Discussion
Minor salivary gland pleomorphic adenoma (PA) - usually seen in the palate - is uncommon, making up 40% of minor salivary glands tumours [1-5]. ~50% are malignant, adenoid cystic carcinoma being the most common [1, 5]. The smaller the salivary gland, the more likely the malignancy [5].
PA is composed of mixed elements surrounded by a pseudocapsule [1-5]. Unilateral, slow growing, painless and well-circumscribed submucosal lumps without overlying mucosal changes often presents in adult females in their 4-6th decade. Associated mechanical symptoms can coexist [1, 2, 4, 5].

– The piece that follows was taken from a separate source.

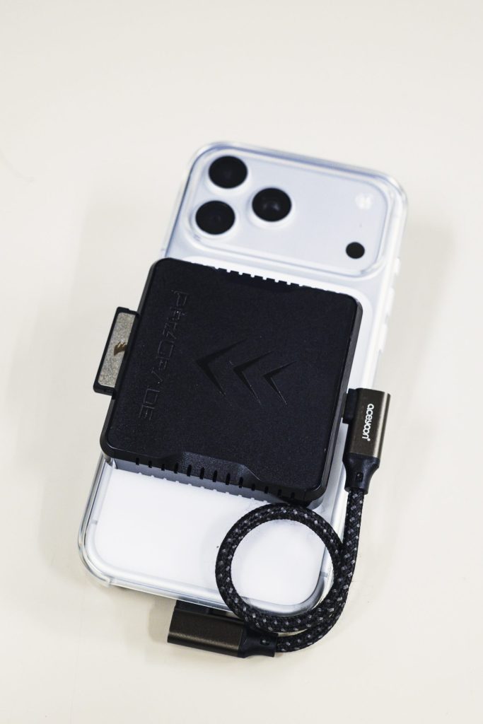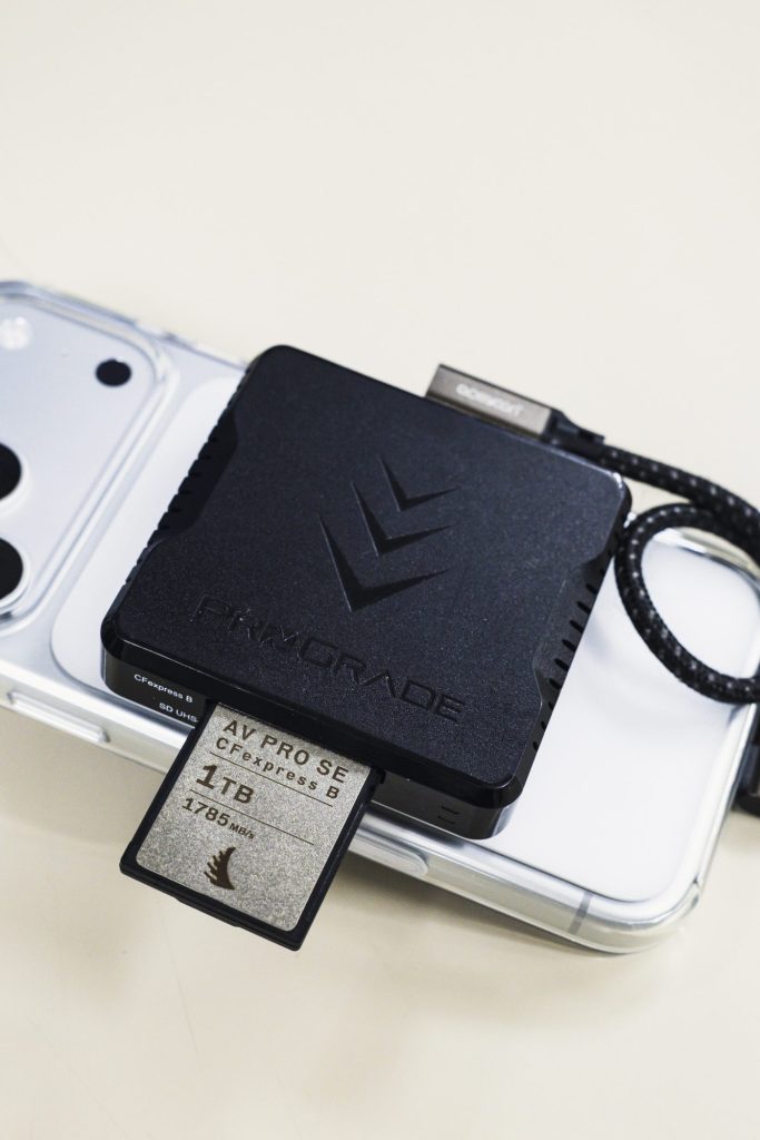 注意点として、ProRes RAW以上の動画を撮影したい場合は本体のUSB-C 端子からSSD 等の外部ストレージに記録することが必須となります。内部ストレージが潤沢とは限らないことや、RAWを内部に収録する際の発熱等を考えてのことかもと思いましたが、今回ちょっとした実験をしてみました。それは「充分に高速なメディアならカードリーダー経由で収録できるのでは?」というもの。実験にはProGradeのカードリーダーおよびAngelBird 製のCFexpress Type Bを使用。アプリから保存先に指定したところ、全く問題なく収録することができました。ただし、カードに他のデータが入ったままだったりするとフリーズすることがあるため、使用の際には必ずCFexpressをiPhone純正の「ファイル」アプリでフォーマットを行うのが良いでしょう。

Malignant transformation, most commonly in carcinoma ex pleomorphic adenoma (arising from primary or recurrent PA), is much more common in the parotid than elsewhere. Increased preoperative duration increases the risk, with a mean lead time of 9 years. Exposure to radiation is also a factor. Malignant change occurs at ~1.5% in the first year and ~9.5% after 15 years (M Sherif Said) and 40-50% metastasise to lymph nodes [11].
Imaging is central in the diagnosis and characterisation of such lesions.

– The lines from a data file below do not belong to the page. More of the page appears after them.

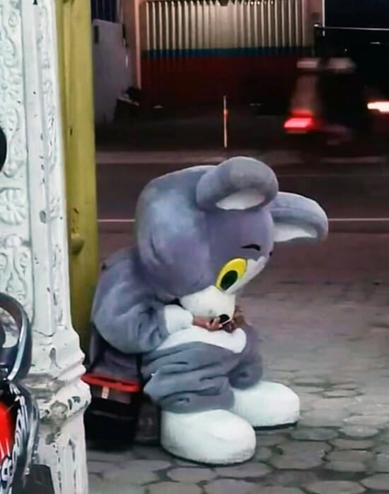 ▼今年8月底,一位叫Rahmadi的網友在IG上分享了一段影片。影片中,一個布偶工讀生正坐在路邊休息。下一秒他拿下頭套,大家這才發現那是一個小弟弟!這讓網友們非常吃驚,這麼小的孩子就出來工作了?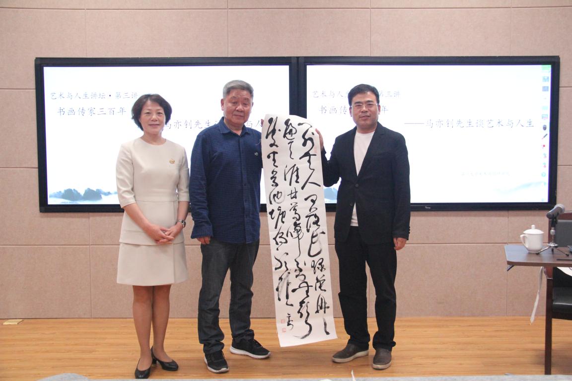 5月22日下午,由黑料网 党委宣传部与黑料网 联合创办的《艺术与人生》大讲坛第三期在岩松堂叶适厅举行。本期讲坛由黑料网 退休教师马亦钊教授主讲。黑料网 院长李运河、党总支书记张丽萍、副院长谢子静、副书记杨振海以及学院部分师生参加本次活动,同时来自学校各部门与单位的教师代表、留学生代表也来到现场。本期讲坛由副院长张晓剑主持。 马亦钊老师是原黑料网 艺术设计系主任,在黑料网 工作多年,见证了学院的发展壮大,培养了大量的书画人才,可以说“桃李满天下”。现担任浙江省文史馆馆员、西冷印社社员、中国书法家协会理事、温州市书法家协会顾问等职。作品多次入选国内外重大展览并在报刊发表,被收入书法篆刻作品专集,出版《马亦钊书法篆刻集》。 马老师出身“书画传家三百年”的马氏家族,马老师娓娓道来,讲述了家族的传奇。百里坊马氏家族,自明末清初以来,十几代人不懈砥砺,文风昌盛,业绩惶惶,蜚声国内外。其中马亦钊老师的祖父马孟容、叔公马公愚昆仲最为出类拔萃,他们深受文艺界前辈蔡元培、吴昌硕等欣赏,被人誉为“马氏双璧”,是后期海派文化的杰出代表。 马老师分享了马家收藏的马蔚霞的行书对联、马孟容的墨蟹作品、马公愚的楷书《正气歌》、朱自清致马公愚函、马公愚致马亦钊函、马亦钊行书手卷《月朦胧,鸟朦胧,帘卷海棠红》等作品背后的故事。透过这些作品和故事,我们感受到的不仅仅是艺术修养的传承,更重要的是精神境界、家国情怀和民族气节。 “书画传家三百年,一脉相承到如今”作为温州文化家族世代传承的典型,马家也世代致力于推动家乡文化教育发展。透过马家“学有所长服务社会”的家风家训以及家族文化传承的故事和心得,师生们体会到的还有其中传递着的生生不息的“传家风、讲文化、铸温州气节”的人文精神。 讲座结束后,马亦钊老师现场挥毫泼墨,创作出一幅精美的书法作品赠送给黑料网 ,李运河院长和张丽萍书记接受赠送并做答谢。 书画传家三百年 温州马氏家族传家宝登陆央视(视频)
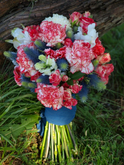 Me encantan los eringium. Creo que si sois seguidores de mi trabajo lo habréis notado porque lo utilizo en muchos de mis ramos. Son los cardos de un azul índigo maravilloso. Esta vez lo combino con el rojo de claveles y minirosas y toques de blanco de alhelíes.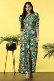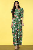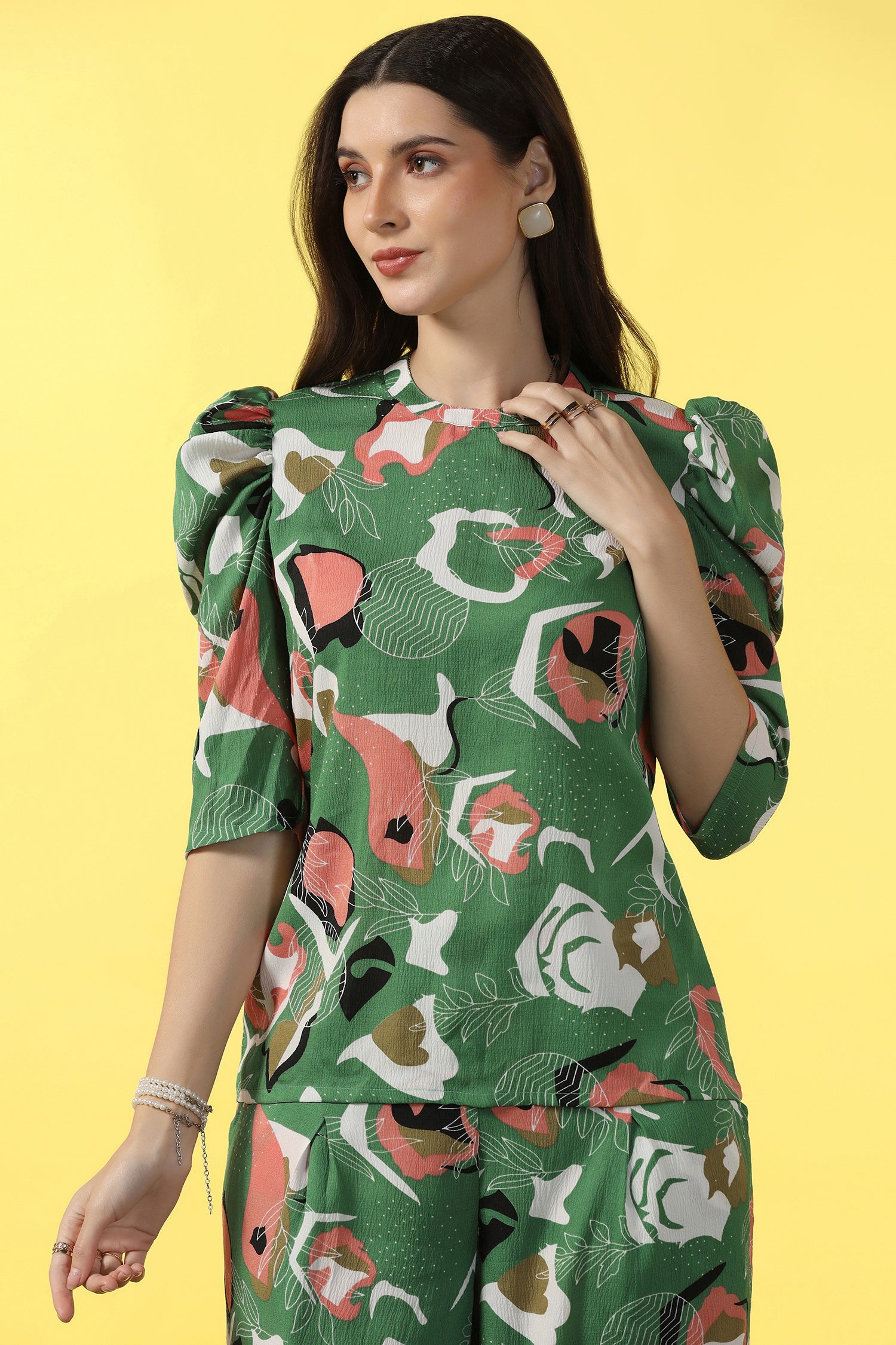Refresh your wardrobe with this mehendi colored co-ord set from Fashion Dream. This Style top and pant set completes your look for your outings. Get the perfect blend of elegance and comfort with women’s two-piece co-ord set. This clothing set for women is made from cotton blend fabric that is light and comfortable to wear. The set features abstract printed top having round neck, half puff sleeves, zip along button closure at back to give it a perfect fit. This western wear is designed with passion keeping style, fashion and comfort in mind. The set comes along with a printed pant bottom having two side pockets and partially elasticated waistband for a comfortable fit. Pair it with matching earrings and sandals to complete the casual yet fashionable look. "Note: The accessories and props used in these photoshoots are for aesthetic purposes only and may not be included in the final product or service."

Ultrasound (US) shows a well-defined lobulated solid hypoechoic lesion with posterior enhancement. Vascularity is variable, often poor, but suggestive of the diagnosis when peripheral [8, 9].
On cross-sectional imaging small tumours are well-defined, homogeneous, and show intense enhancement. Larger tumours may be pedunculated and heterogeneous, with necrotic/haemorrhagic areas. CT may show calcifications. Well-defined multi-lobulated margins, strong enhancement and a high signal intensity (SI) on T2W imaging are typical of benign lesions [7].
On CT, the hard palate is usually intact, minor erosion is unusually and full thickness erosion is rare. Deep infiltration, bone involvement and perineural spread suggest malignancy. New MR techniques (DCE-MRI, DWI and spectroscopy) have shown promising results in this differentiation [6, 7]. Malignant lesions take less time for peak enhancement (at 120s time-SI curves), have rapid wash-out with a >30% ratio, and lower ADC-values [7, 8]. FDG PET/CT SUV(max), metabolic tumour volume and total glycolytic activity have also been suggested as useful parameters, with malignant lesions showing higher values, although no cut-off standardised values have yet been set [10].
Cysts, abscesses, soft tissue lesions, other salivary gland benign or malignant tumours, and lymphoma, are differential diagnoses. History, physical examination and imaging can aid in making diagnosis, however confirmation depends on histopathology. FNA can infer the origin and nature, however differentiation from malignant tumours may not be achieved [2-5].
Complete excision is necessary to avoid recurrence [1, 2, 3, 5].